Copy the listing below letter for letter, passing over each picture.

■ Available data
════════════════════

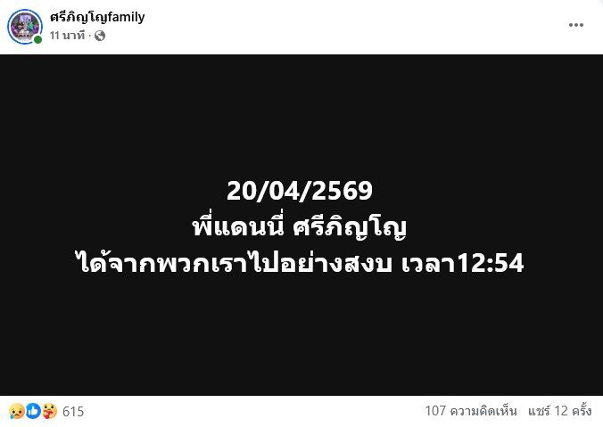 เฟซบุ๊ก ศรีภิญโญfamily โพสต์ข้อความว่า “20/04/2569 พี่แดนนี่ ศรีภิญโญ ได้จากพวกเราไปอย่างสงบ เวลา12:54” ท่ามกลางแฟนๆต่างเข้ามาคอมเมนต์อาลัยแสดงความเสียใจและส่งกำลังใจให้อย่างล้นหลาม
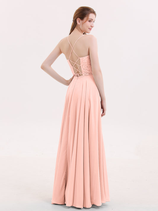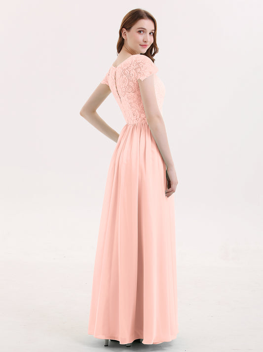 Babaroni PearlPearl Largos Vestidos De Dama De Honor Con Mangas De La Tapa Coral
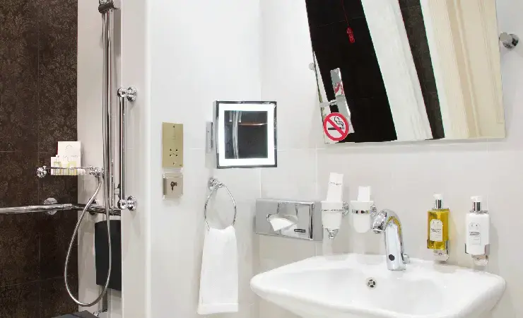 أوسع الممرات و إطارات الأبواب, الارتفاع الأمثل من أسرة مقابض الأثاث, حوض استحمام و مرحاض مرافق فسيحة دش ومرحاض غرفة مزودة القضبان اليد بالإضافة إلى المساعدة الشاملة من قبل موظفي الفندق – كل هذا متاح لإقامة مريحة من للنزلاء المعاقين جسديا.

════════════════════

■ Answer to this problem
 เฟซบุ๊ก ศรีภิญโญfamily โพสต์ข้อความว่า “20/04/2569 พี่แดนนี่ ศรีภิญโญ ได้จากพวกเราไปอย่างสงบ เวลา12:54” ท่ามกลางแฟนๆต่างเข้ามาคอมเมนต์อาลัยแสดงความเสียใจและส่งกำลังใจให้อย่างล้นหลาม
 Babaroni PearlPearl Largos Vestidos De Dama De Honor Con Mangas De La Tapa Coral
 أوسع الممرات و إطارات الأبواب, الارتفاع الأمثل من أسرة مقابض الأثاث, حوض استحمام و مرحاض مرافق فسيحة دش ومرحاض غرفة مزودة القضبان اليد بالإضافة إلى المساعدة الشاملة من قبل موظفي الفندق – كل هذا متاح لإقامة مريحة من للنزلاء المعاقين جسديا.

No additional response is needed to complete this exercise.